[[ Dataset excerpts open ]]

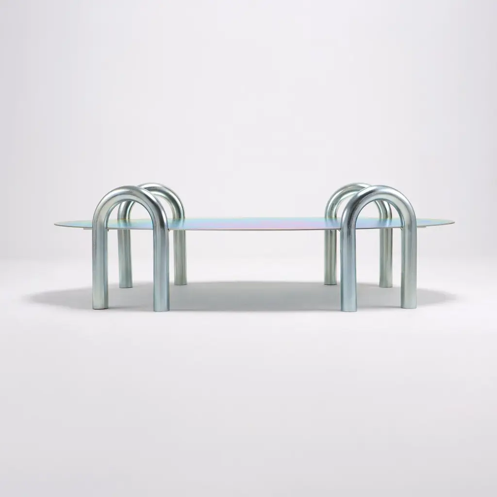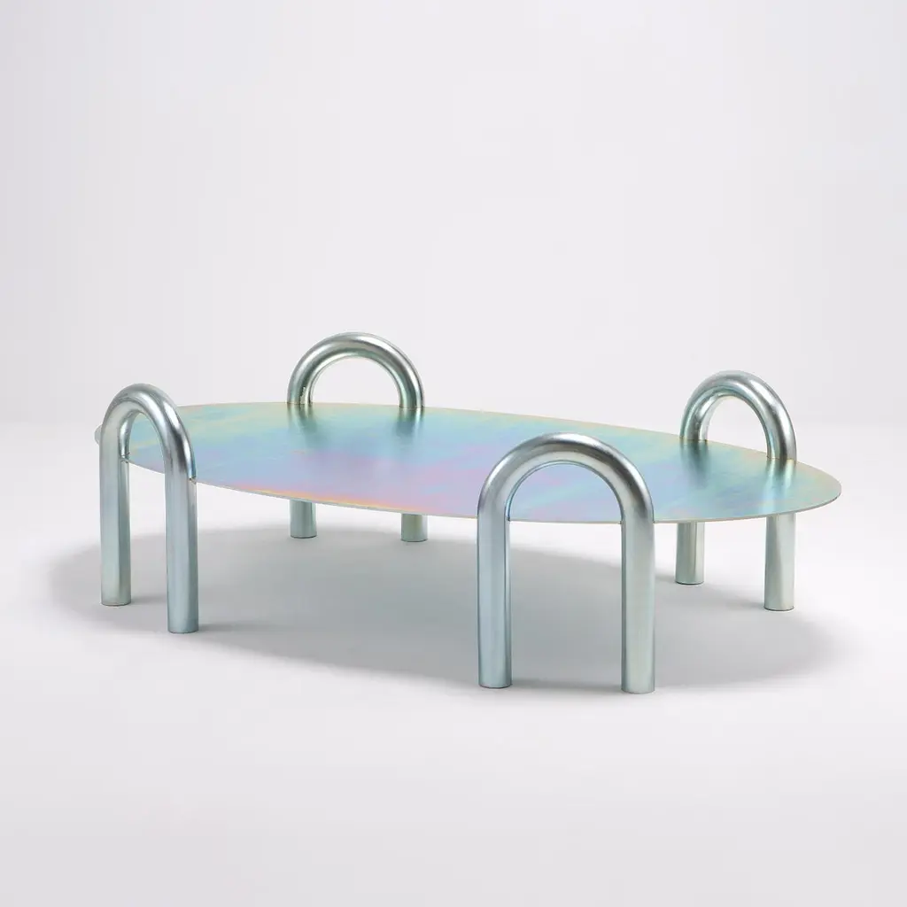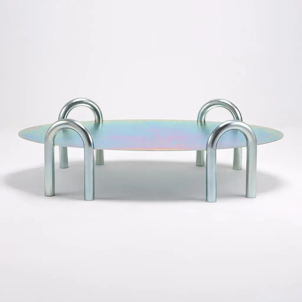 A common item in steel houses, the 180º curve is the starting point for the development of the collection. Using this element of industrial origin and organic format, we seek to create affable pieces, which transmit softness incorporated into the rawness of the material. In this version, we further reinforce its origin traces through white and yellow zinc plating, bringing to light this very common finish in the industry, but little appreciated outside of it.
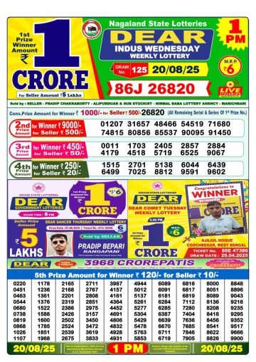 Dear Indus Wednesday Weekly Lottery 1 PM Result 20-08-25
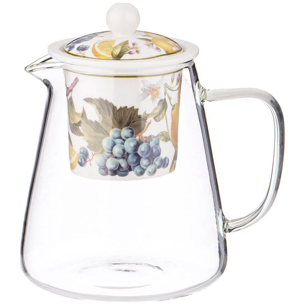 #ЧАЙНИК СТЕКЛЯННЫЙ С ФАРФОРОВЫМ СИТОМ LEFARD "ФРУКТЫ" 600 МЛ 104-904
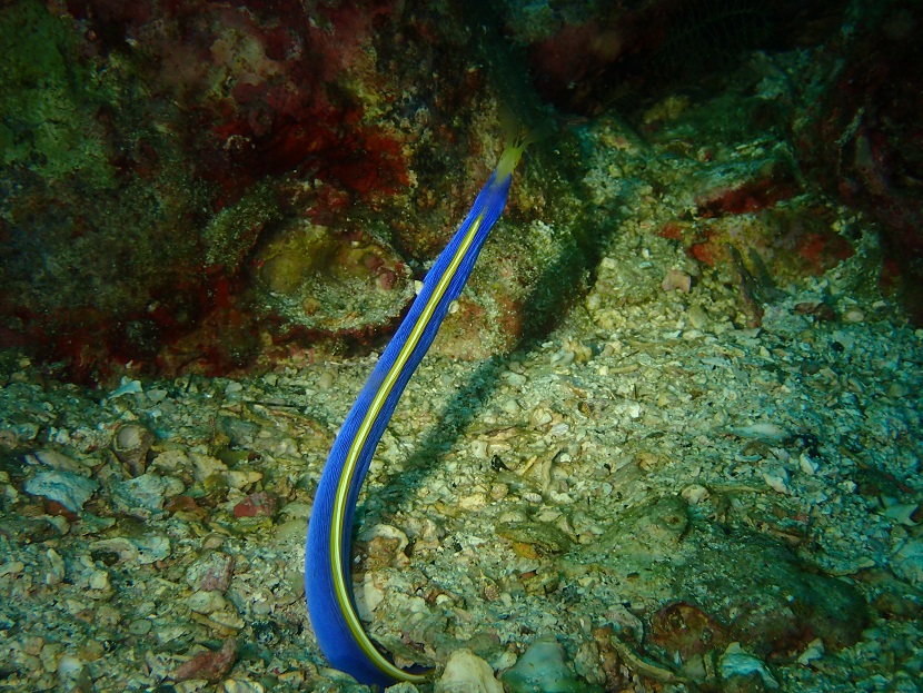 黒い個体幼魚も見ることができました。N氏はハナヒゲウツボお初でしたので黒から青に、青から黄色にとご紹介させていただきました🐍
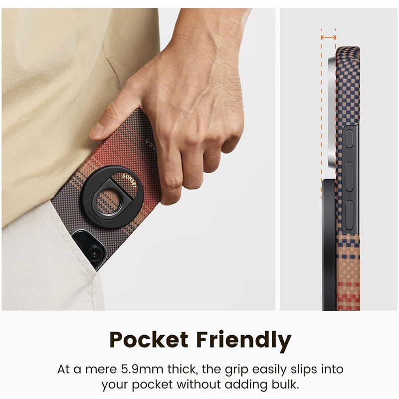 PITAKA MagEZ Grip 3 نسل سوم از حلقههای استند مغناطیسی این برند است که با طراحی فوقالعاده سبک، باریک و در عین حال مقاوم، تجربهای جدید از نگهداشتن و استفاده روزمره از گوشی موبایل را فراهم میکند. این حلقه مگسیف با بدنهای از فیبر آرامید ۶۰۰D، در کنار ظاهر شیک، استحکام مثالزدنی را به کاربر ارائه میدهد.
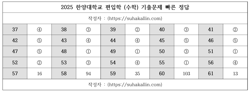 2025 한양대학교 편입수학 기출문제 빠른 정답
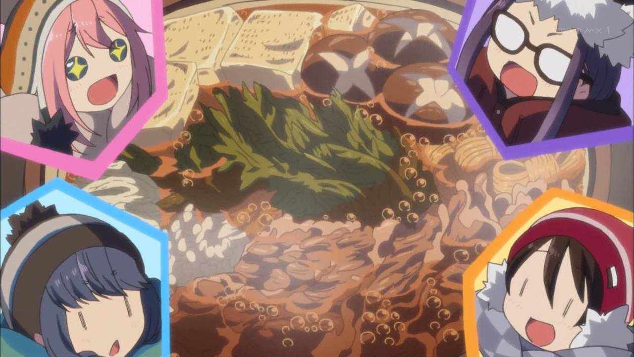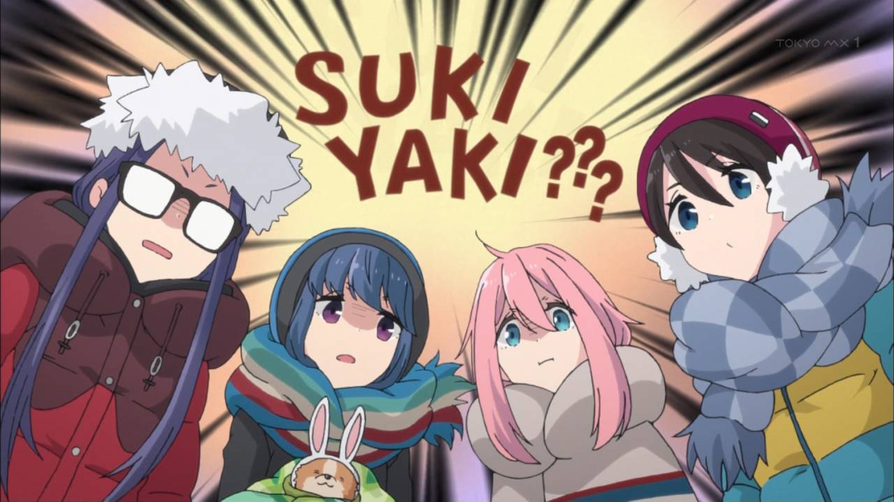 ゆるキャン△ 第11話観た。すき焼き回。すき焼き滅茶苦茶食べたくなりすぎる回だった。それにしても6人いて最初はわりと自由で、集ってからは食いまくりつつほのぼのとしてこれはリンちゃんも落ちますわ #ゆるキャン #tokyoMX
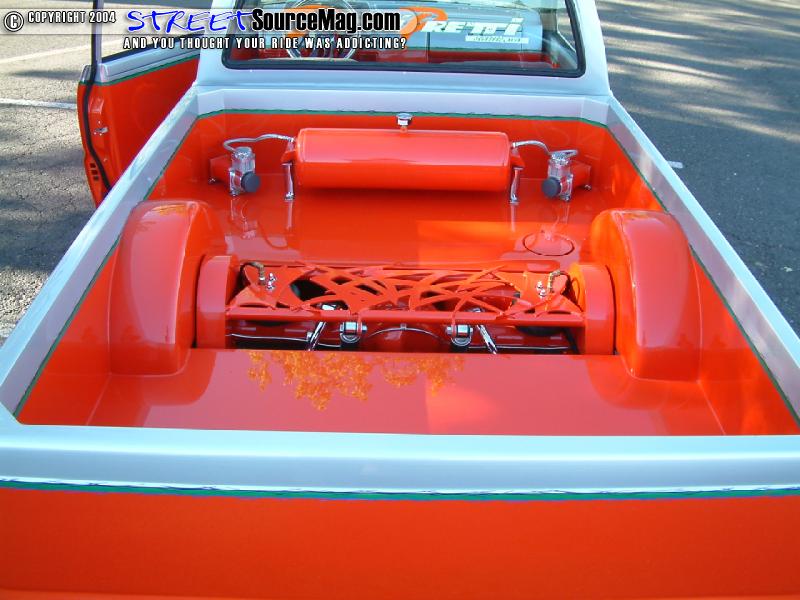 Next the cab pillars would be shaved along with the doors being notched to match the new cab pillar contour. The mirrors would then be shaved along with the inner door lock, all seams, corner markers and cowl. Once the bodywork was complete the Mazda would be sprayed with HOK orange and silver paint two-tone paint job.
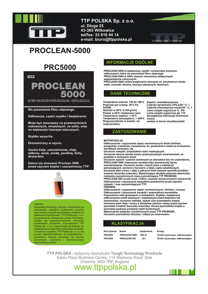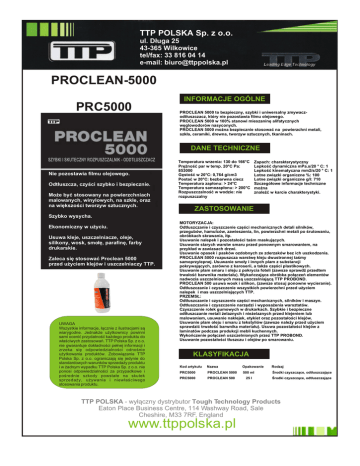 TTP POLSKA Sp. z o.o. ul. D³uga 25 43-365 Wilkowice tel/fax: 33 816 04 14 e-mail: [email protected] PROCLEAN-5000 PRC5000 INFORMACJE OGÓLNE PROCLEAN 5000 to bezpieczny, szybki i uniwersalny zmywaczodt³uszczacz, który nie pozostawia filmu olejowego. PROCLEAN 5000 w 100% stanowi mieszaninê alifatycznych wêglowodorów nasyconych. PROCLEAN 5000 mo¿na bezpiecznie stosowaæ na powierzchni metali, szk³a, ceramiki, drewna, tworzyw sztucznych, tkaninach. DANE TECHNICZNE SUPERSZYBKI KLEJ SZYBKI I SKUTECZNY ROZPUSZCZALNIK - ODDT£USZCZACZ Nie pozostawia filmu olejowego. Odt³uszcza, czyœci szybko i bezpiecznie. Mo¿e byæ stosowany na powierzchniach malowanych, winylowych, na szkle, oraz na wiêkszoœci tworzyw sztucznych. Temperatura wrzenia: 130 do 166°C Prê¿noœæ par w temp. 20°C Pa: 853000 Gêstoœæ w 20°C: 0,764 g/cm3 Postaæ w 20°C: bezbarwna ciecz Temperatura zap³onu: > 24°C Temperatura samozap³onu: > 200°C Rozpuszczalnoœæ w wodzie: nie rozpuszczalny Zapach: charakterystyczny Lepkoœæ dynamiczna mPa.s/20 ° C: 1 Lepkoœæ kinematyczna mm2/s/20 ° C: 1 Lotne zwi¹zki organiczne %: 100 Lotne zwi¹zki organiczne g/l: 710 Szczegó³owe informacje techniczne mo¿na znaleŸæ w karcie charakterystyki. ZASTOSOWANIE Szybko wysycha. Ekonomiczny w u¿yciu. Usuwa kleje, uszczelniacze, oleje, silikony, wosk, smo³ê, parafinê, farby drukarskie. Zaleca siê stosowaæ Proclean 5000 przed u¿yciem klejów i uszczelniaczy TTP. UWAGA Wszystkie informacje, ³¹cznie z ilustracjami s¹ wiarygodne. Jednak¿e u¿ytkownicy powinni sami oceniæ przydatnoœæ ka¿dego produktu do w³aœciwych zastosowañ. TTP Polska Sp. z o.o. nie gwarantuje dok³adnoœci pe³nej informacji i zrzeka siê odpowiedzialnoœci odnoœnie u¿ytkowania produktów. Zobowi¹zania TTP Polska Sp. z o.o. ograniczaj¹ siê jedynie do standardowych warunków sprzeda¿y produktu i w ¿adnym wypadku TTP Polska Sp. z o.o. nie ponosi odpowiedzialnoœci za przypadkowe i poœrednie szkody powsta³e na skutek sprzeda¿y, u¿ywania i niew³aœciwego stosowania produktu. MOTORYZACJA: Odt³uszczanie i czyszczenie czêœci mechanicznych detali silników, przegubów, hamulców, zawieszenia, lin, powierzchni metali po œrutowaniu, obróbkach skrawania, itp. Usuwanie nalepek i pozosta³oœci taœm maskuj¹cych. Usuwanie starych warstw smaru przed ponownym smarowaniem, na przyk³ad w zawiasach drzwi. Usuwanie opasek i pasków ozdobnych ze zderzaków bez ich uszkodzenia. PROCLEAN 5000 rozpuszcza warstwê kleju dwustronnej taœmy samoprzylepnej. Usuwanie smo³y i innych plam z substancji pokrywaj¹cych, zarówno z karoserii, a tak¿e czêœci plastikowych. Usuwanie plam smaru i oleju z pokrycia foteli (zawsze sprawdŸ przedtem trwa³oœæ barwnika materia³u). Wykañczaj¹ca obróbka po³¹czeñ elementów nadwozia uszczelnionych mas¹ uszczelniaj¹c¹ TTP PROBOND. PROCLEAN 500 usuwa wosk i silikon, (zawsze stosuj ponowne wycieranie). Odt³uszczanie i czyszczenie wszystkich powierzchni przed u¿yciem nalepek i mas uszczelniaj¹cych TTP. PRZEMS£: Odt³uszczanie i czyszczenie czêœci mechanicznych, silników i maszyn. Odt³uszczanie i czyszczenie narzêdzi i wyposa¿enia warsztatów. Czyszczenie rolek gumowych w drukarkach. Szybkie i bezpieczne odt³uszczanie metali ¿elaznych i nie¿elaznych przed klejeniem lub malowaniem, usuwanie naklejek, etykiet oraz pozosta³oœci klejów. Usuwanie plam oleju i smaru z tekstyliów (zawsze nale¿y przed u¿yciem sprawdziæ trwa³oœæ barwnika materia³u). Usuwa pozosta³oœci klejów z laminatów podczas produkcji mebli kuchennych. Wykoñczenie po³¹czeñ uszczelnionych przez TTP PROBOND. Usuwanie pozosta³oœci t³uszczu i olejów po smarowaniu. KLASYFIKACJA Kod artyku³u Nazwa Opakowanie PRC5000 PROCLEAN 5000 500 ml Rodzaj Œrodki czyszcz¹ce, odt³uszczaj¹ce PRC5000 PROCLEAN 500 25 l Œrodki czyszcz¹ce, odt³uszczaj¹ce TTP POLSKA - wy³¹czny dystrybutor Tough Technology Products Eaton Place Business Centre, 114 Washway Road, Sale Cheshire, M33 7RF, England www.ttppolska.pl
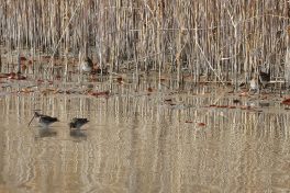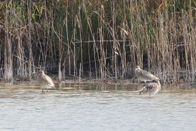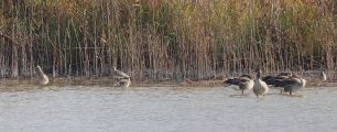 - Weitere Brachvögel halten sich nahe am Schilfrand auf, in deren Nähe auch viele Graugänse sich gruppieren.
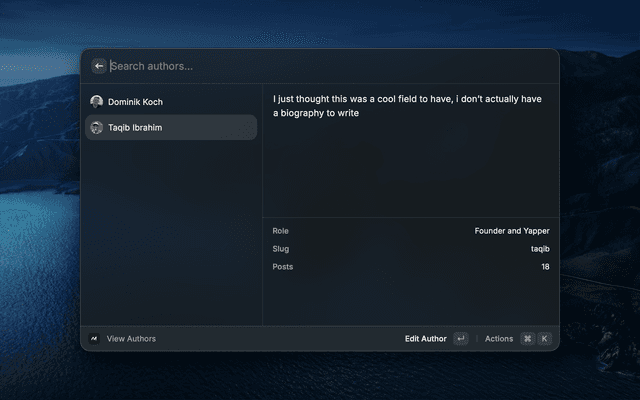 - Authors — Browse, create, edit, and delete authors with bio, role, and social links.
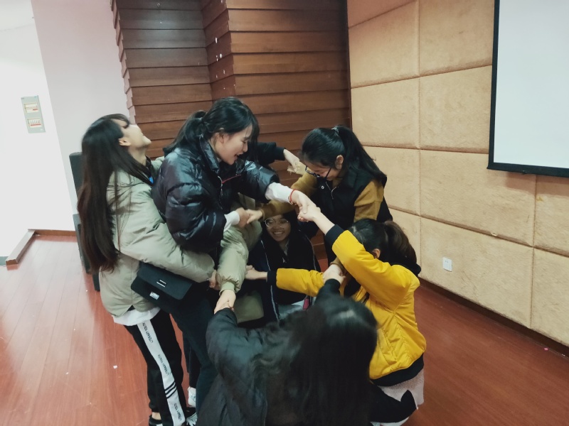 第四项是“抱团游戏”,各寝室四名同学全部参与其中,由主持人报数字,大家根据数字对应的人数与周围抱成一团,每轮“落单”同学则淘汰出局。

[[ Dataset excerpts closed ]]

### Your instructions
Line by line, write out the material above exactly, with no images.

### Answer below
 A common item in steel houses, the 180º curve is the starting point for the development of the collection. Using this element of industrial origin and organic format, we seek to create affable pieces, which transmit softness incorporated into the rawness of the material. In this version, we further reinforce its origin traces through white and yellow zinc plating, bringing to light this very common finish in the industry, but little appreciated outside of it.
 Dear Indus Wednesday Weekly Lottery 1 PM Result 20-08-25
 #ЧАЙНИК СТЕКЛЯННЫЙ С ФАРФОРОВЫМ СИТОМ LEFARD "ФРУКТЫ" 600 МЛ 104-904
 黒い個体幼魚も見ることができました。N氏はハナヒゲウツボお初でしたので黒から青に、青から黄色にとご紹介させていただきました🐍
 PITAKA MagEZ Grip 3 نسل سوم از حلقههای استند مغناطیسی این برند است که با طراحی فوقالعاده سبک، باریک و در عین حال مقاوم، تجربهای جدید از نگهداشتن و استفاده روزمره از گوشی موبایل را فراهم میکند. این حلقه مگسیف با بدنهای از فیبر آرامید ۶۰۰D، در کنار ظاهر شیک، استحکام مثالزدنی را به کاربر ارائه میدهد.
 2025 한양대학교 편입수학 기출문제 빠른 정답
 ゆるキャン△ 第11話観た。すき焼き回。すき焼き滅茶苦茶食べたくなりすぎる回だった。それにしても6人いて最初はわりと自由で、集ってからは食いまくりつつほのぼのとしてこれはリンちゃんも落ちますわ #ゆるキャン #tokyoMX
 Next the cab pillars would be shaved along with the doors being notched to match the new cab pillar contour. The mirrors would then be shaved along with the inner door lock, all seams, corner markers and cowl. Once the bodywork was complete the Mazda would be sprayed with HOK orange and silver paint two-tone paint job.
 TTP POLSKA Sp. z o.o. ul. D³uga 25 43-365 Wilkowice tel/fax: 33 816 04 14 e-mail: [email protected] PROCLEAN-5000 PRC5000 INFORMACJE OGÓLNE PROCLEAN 5000 to bezpieczny, szybki i uniwersalny zmywaczodt³uszczacz, który nie pozostawia filmu olejowego. PROCLEAN 5000 w 100% stanowi mieszaninê alifatycznych wêglowodorów nasyconych. PROCLEAN 5000 mo¿na bezpiecznie stosowaæ na powierzchni metali, szk³a, ceramiki, drewna, tworzyw sztucznych, tkaninach. DANE TECHNICZNE SUPERSZYBKI KLEJ SZYBKI I SKUTECZNY ROZPUSZCZALNIK - ODDT£USZCZACZ Nie pozostawia filmu olejowego. Odt³uszcza, czyœci szybko i bezpiecznie. Mo¿e byæ stosowany na powierzchniach malowanych, winylowych, na szkle, oraz na wiêkszoœci tworzyw sztucznych. Temperatura wrzenia: 130 do 166°C Prê¿noœæ par w temp. 20°C Pa: 853000 Gêstoœæ w 20°C: 0,764 g/cm3 Postaæ w 20°C: bezbarwna ciecz Temperatura zap³onu: > 24°C Temperatura samozap³onu: > 200°C Rozpuszczalnoœæ w wodzie: nie rozpuszczalny Zapach: charakterystyczny Lepkoœæ dynamiczna mPa.s/20 ° C: 1 Lepkoœæ kinematyczna mm2/s/20 ° C: 1 Lotne zwi¹zki organiczne %: 100 Lotne zwi¹zki organiczne g/l: 710 Szczegó³owe informacje techniczne mo¿na znaleŸæ w karcie charakterystyki. ZASTOSOWANIE Szybko wysycha. Ekonomiczny w u¿yciu. Usuwa kleje, uszczelniacze, oleje, silikony, wosk, smo³ê, parafinê, farby drukarskie. Zaleca siê stosowaæ Proclean 5000 przed u¿yciem klejów i uszczelniaczy TTP. UWAGA Wszystkie informacje, ³¹cznie z ilustracjami s¹ wiarygodne. Jednak¿e u¿ytkownicy powinni sami oceniæ przydatnoœæ ka¿dego produktu do w³aœciwych zastosowañ. TTP Polska Sp. z o.o. nie gwarantuje dok³adnoœci pe³nej informacji i zrzeka siê odpowiedzialnoœci odnoœnie u¿ytkowania produktów. Zobowi¹zania TTP Polska Sp. z o.o. ograniczaj¹ siê jedynie do standardowych warunków sprzeda¿y produktu i w ¿adnym wypadku TTP Polska Sp. z o.o. nie ponosi odpowiedzialnoœci za przypadkowe i poœrednie szkody powsta³e na skutek sprzeda¿y, u¿ywania i niew³aœciwego stosowania produktu. MOTORYZACJA: Odt³uszczanie i czyszczenie czêœci mechanicznych detali silników, przegubów, hamulców, zawieszenia, lin, powierzchni metali po œrutowaniu, obróbkach skrawania, itp. Usuwanie nalepek i pozosta³oœci taœm maskuj¹cych. Usuwanie starych warstw smaru przed ponownym smarowaniem, na przyk³ad w zawiasach drzwi. Usuwanie opasek i pasków ozdobnych ze zderzaków bez ich uszkodzenia. PROCLEAN 5000 rozpuszcza warstwê kleju dwustronnej taœmy samoprzylepnej. Usuwanie smo³y i innych plam z substancji pokrywaj¹cych, zarówno z karoserii, a tak¿e czêœci plastikowych. Usuwanie plam smaru i oleju z pokrycia foteli (zawsze sprawdŸ przedtem trwa³oœæ barwnika materia³u). Wykañczaj¹ca obróbka po³¹czeñ elementów nadwozia uszczelnionych mas¹ uszczelniaj¹c¹ TTP PROBOND. PROCLEAN 500 usuwa wosk i silikon, (zawsze stosuj ponowne wycieranie). Odt³uszczanie i czyszczenie wszystkich powierzchni przed u¿yciem nalepek i mas uszczelniaj¹cych TTP. PRZEMS£: Odt³uszczanie i czyszczenie czêœci mechanicznych, silników i maszyn. Odt³uszczanie i czyszczenie narzêdzi i wyposa¿enia warsztatów. Czyszczenie rolek gumowych w drukarkach. Szybkie i bezpieczne odt³uszczanie metali ¿elaznych i nie¿elaznych przed klejeniem lub malowaniem, usuwanie naklejek, etykiet oraz pozosta³oœci klejów. Usuwanie plam oleju i smaru z tekstyliów (zawsze nale¿y przed u¿yciem sprawdziæ trwa³oœæ barwnika materia³u). Usuwa pozosta³oœci klejów z laminatów podczas produkcji mebli kuchennych. Wykoñczenie po³¹czeñ uszczelnionych przez TTP PROBOND. Usuwanie pozosta³oœci t³uszczu i olejów po smarowaniu. KLASYFIKACJA Kod artyku³u Nazwa Opakowanie PRC5000 PROCLEAN 5000 500 ml Rodzaj Œrodki czyszcz¹ce, odt³uszczaj¹ce PRC5000 PROCLEAN 500 25 l Œrodki czyszcz¹ce, odt³uszczaj¹ce TTP POLSKA - wy³¹czny dystrybutor Tough Technology Products Eaton Place Business Centre, 114 Washway Road, Sale Cheshire, M33 7RF, England www.ttppolska.pl
 - Weitere Brachvögel halten sich nahe am Schilfrand auf, in deren Nähe auch viele Graugänse sich gruppieren.
 - Authors — Browse, create, edit, and delete authors with bio, role, and social links.
 第四项是“抱团游戏”,各寝室四名同学全部参与其中,由主持人报数字,大家根据数字对应的人数与周围抱成一团,每轮“落单”同学则淘汰出局。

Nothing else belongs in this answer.